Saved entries

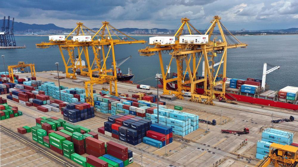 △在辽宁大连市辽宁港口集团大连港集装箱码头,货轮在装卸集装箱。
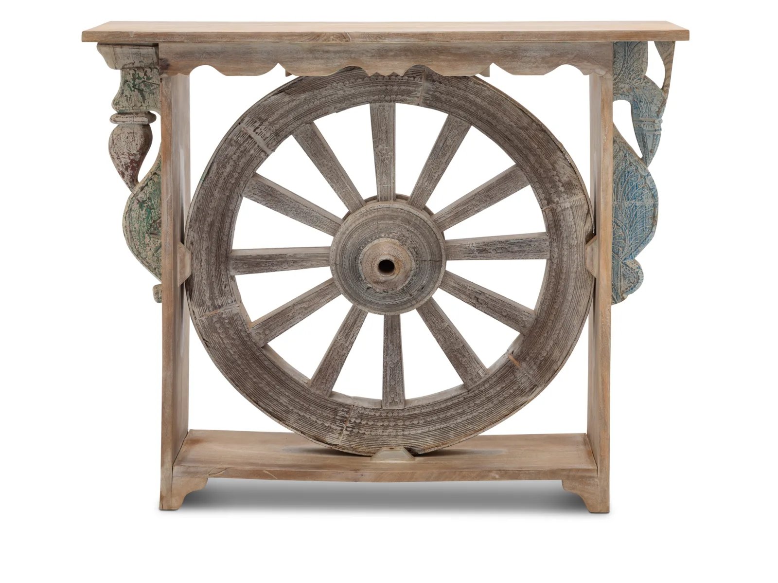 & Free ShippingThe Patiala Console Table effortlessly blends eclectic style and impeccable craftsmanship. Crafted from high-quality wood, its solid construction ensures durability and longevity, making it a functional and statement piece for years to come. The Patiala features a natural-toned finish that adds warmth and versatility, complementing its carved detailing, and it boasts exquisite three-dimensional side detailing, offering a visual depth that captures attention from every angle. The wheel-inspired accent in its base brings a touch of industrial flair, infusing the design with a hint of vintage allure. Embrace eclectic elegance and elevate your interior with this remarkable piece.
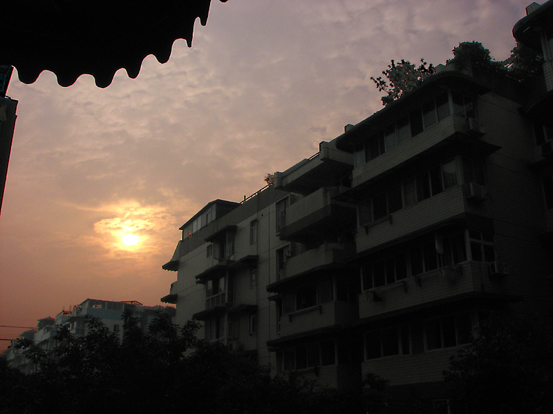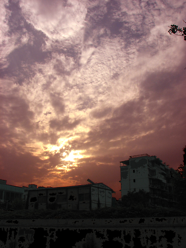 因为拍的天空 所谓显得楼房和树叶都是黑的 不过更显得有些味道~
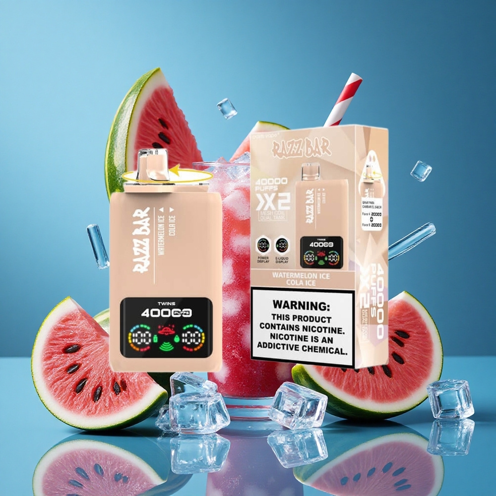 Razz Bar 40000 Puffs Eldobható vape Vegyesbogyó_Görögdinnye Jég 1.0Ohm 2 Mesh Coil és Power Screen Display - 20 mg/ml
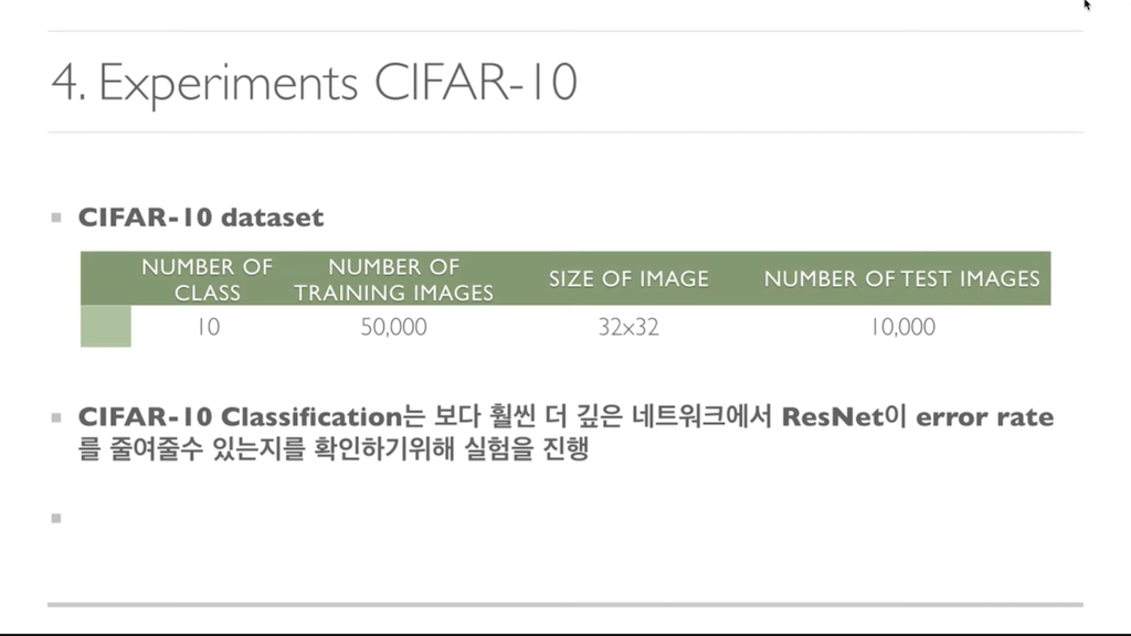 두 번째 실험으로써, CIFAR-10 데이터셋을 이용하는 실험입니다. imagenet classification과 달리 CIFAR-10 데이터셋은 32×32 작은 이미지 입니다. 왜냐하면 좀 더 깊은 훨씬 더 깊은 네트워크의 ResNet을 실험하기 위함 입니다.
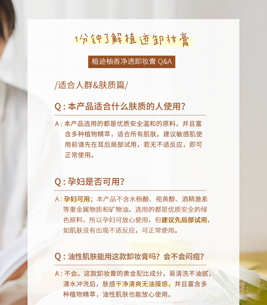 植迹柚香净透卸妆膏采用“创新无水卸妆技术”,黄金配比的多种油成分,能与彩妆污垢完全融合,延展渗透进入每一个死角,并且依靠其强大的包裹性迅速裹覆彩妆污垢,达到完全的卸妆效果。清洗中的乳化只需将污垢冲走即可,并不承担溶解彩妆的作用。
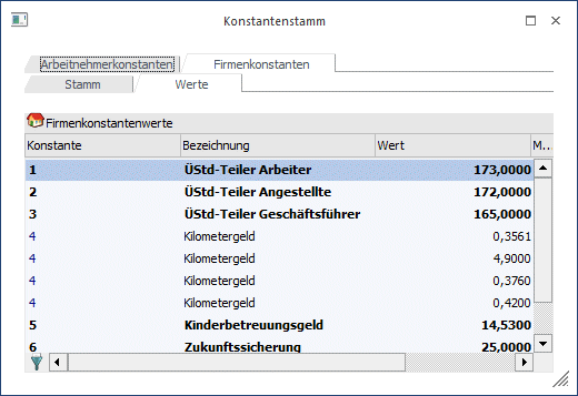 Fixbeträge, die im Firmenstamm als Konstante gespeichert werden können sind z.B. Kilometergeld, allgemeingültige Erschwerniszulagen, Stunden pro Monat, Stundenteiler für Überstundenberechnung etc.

EXERCISE
Word for word, copy the lines from the one with "두 번째 실험으로써, CIFAR-10" through the end of the entries above, and do not include any picture.

TASK RESULT
 두 번째 실험으로써, CIFAR-10 데이터셋을 이용하는 실험입니다. imagenet classification과 달리 CIFAR-10 데이터셋은 32×32 작은 이미지 입니다. 왜냐하면 좀 더 깊은 훨씬 더 깊은 네트워크의 ResNet을 실험하기 위함 입니다.
 植迹柚香净透卸妆膏采用“创新无水卸妆技术”,黄金配比的多种油成分,能与彩妆污垢完全融合,延展渗透进入每一个死角,并且依靠其强大的包裹性迅速裹覆彩妆污垢,达到完全的卸妆效果。清洗中的乳化只需将污垢冲走即可,并不承担溶解彩妆的作用。
 Fixbeträge, die im Firmenstamm als Konstante gespeichert werden können sind z.B. Kilometergeld, allgemeingültige Erschwerniszulagen, Stunden pro Monat, Stundenteiler für Überstundenberechnung etc.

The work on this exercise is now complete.